Ali Farman, Almuhaimeed Abdullah, Alghamdi Wajdi, Aldossary Haya, Asiry Othman, Masmoudi Atef
Department of Computer Science, Bahria University Islamabad Campus, Islamabad, Pakistan.
King Abdulaziz City for Science and Technology, Digital Health Institute, 11442 Riyadh, Saudi Arabia.
Health Inf Sci Syst. 2025 Mar 11;13(1):28. doi: 10.1007/s13755-025-00347-5. eCollection 2025 Dec.
Epigenetic protein (EP) plays a crucial role in influencing disease development, controlling gene expression, and shaping cell identity. They hold potential as targets for future therapies, and studying their mechanisms can lead to improved diagnosis and treatment strategies for various diseases. Anticipating EP is imperative, yet conventional experimental approaches for prediction prove time-intensive and expensive. This work constructed CNN-BiLSTM, computational method for identification of EP prediction. Utilizing primary sequences, two datasets were constructed, and an amphiphilic pseudo amino acid, group dipeptide composition and group amino acid composition were devised to extract numerical features. Model training incorporated a suite of deep learning architectures, including BiLSTM, GRU, and CNN. Notably, an ensemble model combining CNN and BiLSTM, trained using AmpPseAAC features, demonstrated superior performance across both training and testing datasets compared to other predictors. This research contributes to the ongoing efforts to revolutionize therapeutic approaches by facilitating the identification of novel drug targets and improving disease treatment outcomes.

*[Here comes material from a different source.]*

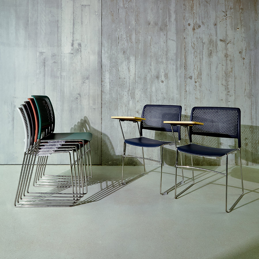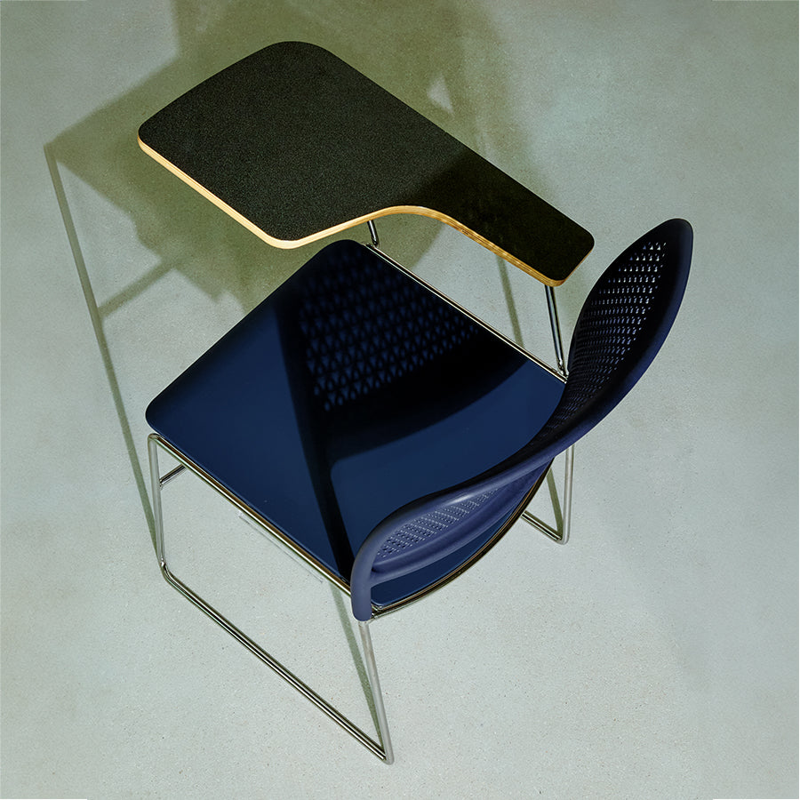 High Density removable tablet arm for the Grafton HD chair. Frame is made from solid steel wire rod in chrome and aminate surface, two-coat lacquer edge is in Graphite Nebula.

表观遗传蛋白(EP)在影响疾病发展、控制基因表达和塑造细胞特性方面起着至关重要的作用。它们有望成为未来治疗的靶点,对其机制的研究可以为各种疾病带来改进的诊断和治疗策略。预测EP势在必行,但传统的预测实验方法既耗时又昂贵。这项工作构建了用于识别EP预测的计算方法CNN-BiLSTM。利用一级序列构建了两个数据集,并设计了两亲性伪氨基酸、基团二肽组成和基团氨基酸组成来提取数值特征。模型训练采用了一系列深度学习架构,包括BiLSTM、GRU和CNN。值得注意的是,与其他预测器相比,使用AmpPseAAC特征训练的结合CNN和BiLSTM的集成模型在训练和测试数据集上均表现出卓越的性能。这项研究通过促进新型药物靶点的识别和改善疾病治疗结果,为正在进行的治疗方法变革努力做出了贡献。